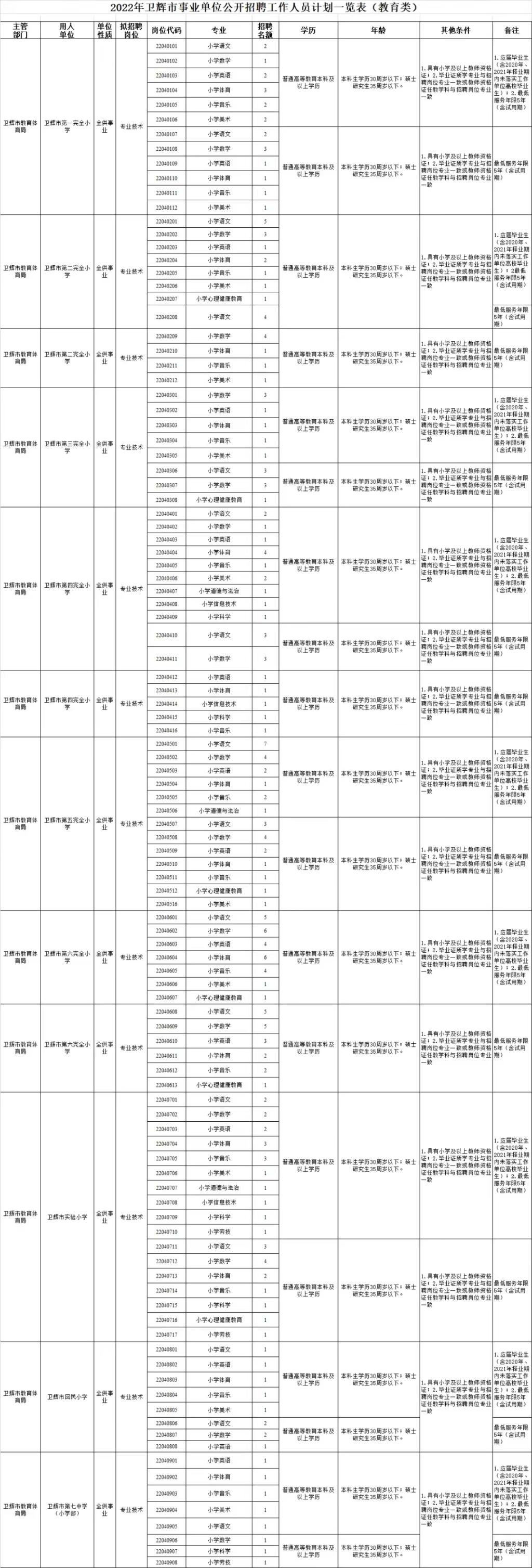 依据《事业单位人事管理条例》(中华人民共和国国务院令第652号)、《事业单位公开招聘人员暂行规定》(原人事部令第6号)、《河南省事业单位公开招聘工作规程》(豫人社〔2015〕55号)、《河南省人力资源和社会保障厅 关于进一步做好全省事业单位招聘高校毕业生工作的通知》(豫人社办函〔2022〕72号)及省市相关政策规定和要求,经卫辉市人民政府同意并报新乡市人力资源和社会保障局备案,拟面向社会公开招聘事业单位工作人员732人。现将有关事项公告如下:
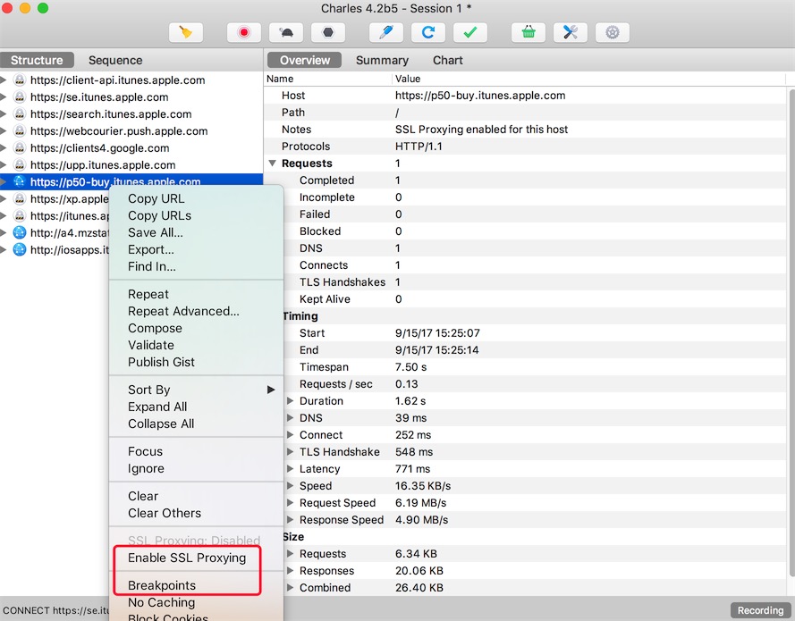 点击下载后,在 Charles 会出现监听到信息,找到一条 'p[xx]-buy.itunes.apple.com' ,其中 xx 是一个随机的数字,选中它,然后右键菜单栏中勾选 'Enable SSL Proxying' 和 'Breakpoints' 。设置完成后,在 iTunes 下载中,清理下载记录。
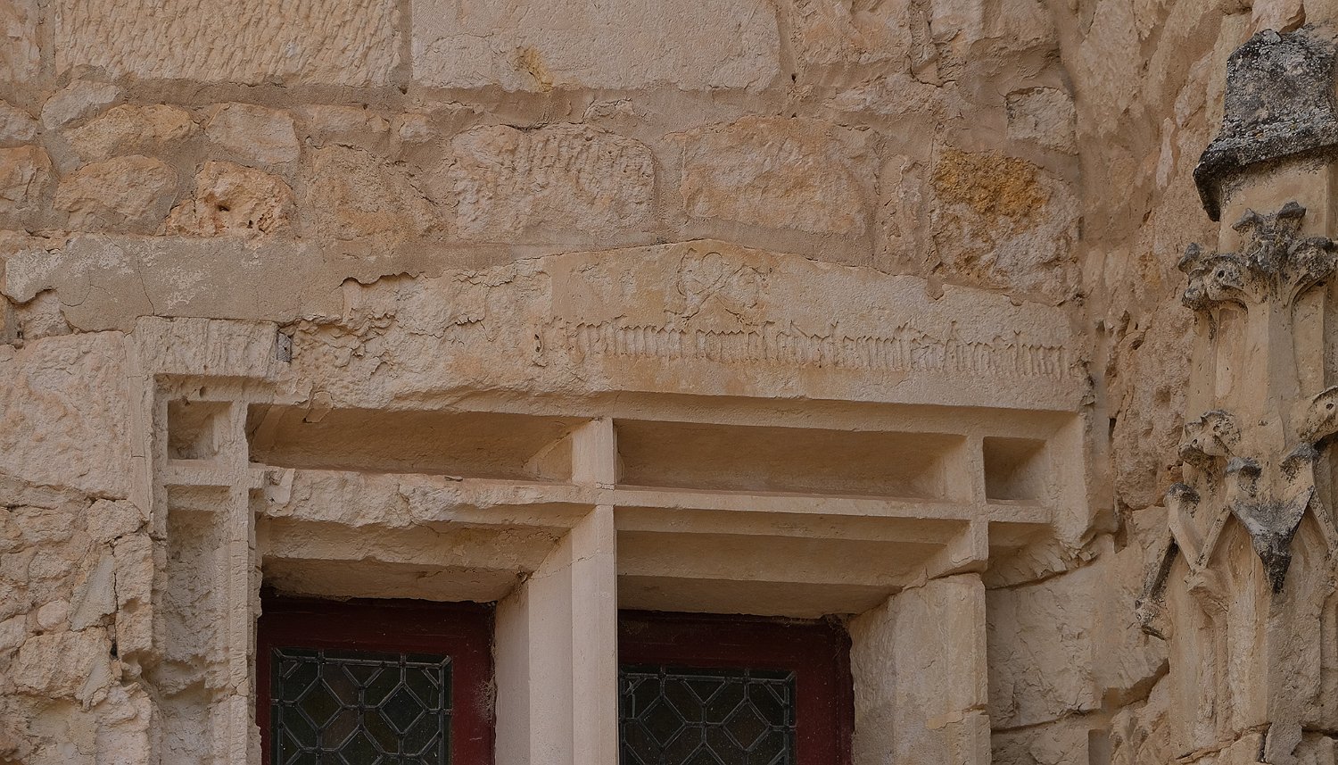 Inscription sur un linteau de fenêtre à gauche de la porte d'entrée

------------

Your task: Please restate word for word each line from the one containing "点击下载后,在 Charles 会出现监听到信息,找到一条" to the end of the data above, without the pictures.

Finished exercise:
 点击下载后,在 Charles 会出现监听到信息,找到一条 'p[xx]-buy.itunes.apple.com' ,其中 xx 是一个随机的数字,选中它,然后右键菜单栏中勾选 'Enable SSL Proxying' 和 'Breakpoints' 。设置完成后,在 iTunes 下载中,清理下载记录。
 Inscription sur un linteau de fenêtre à gauche de la porte d'entrée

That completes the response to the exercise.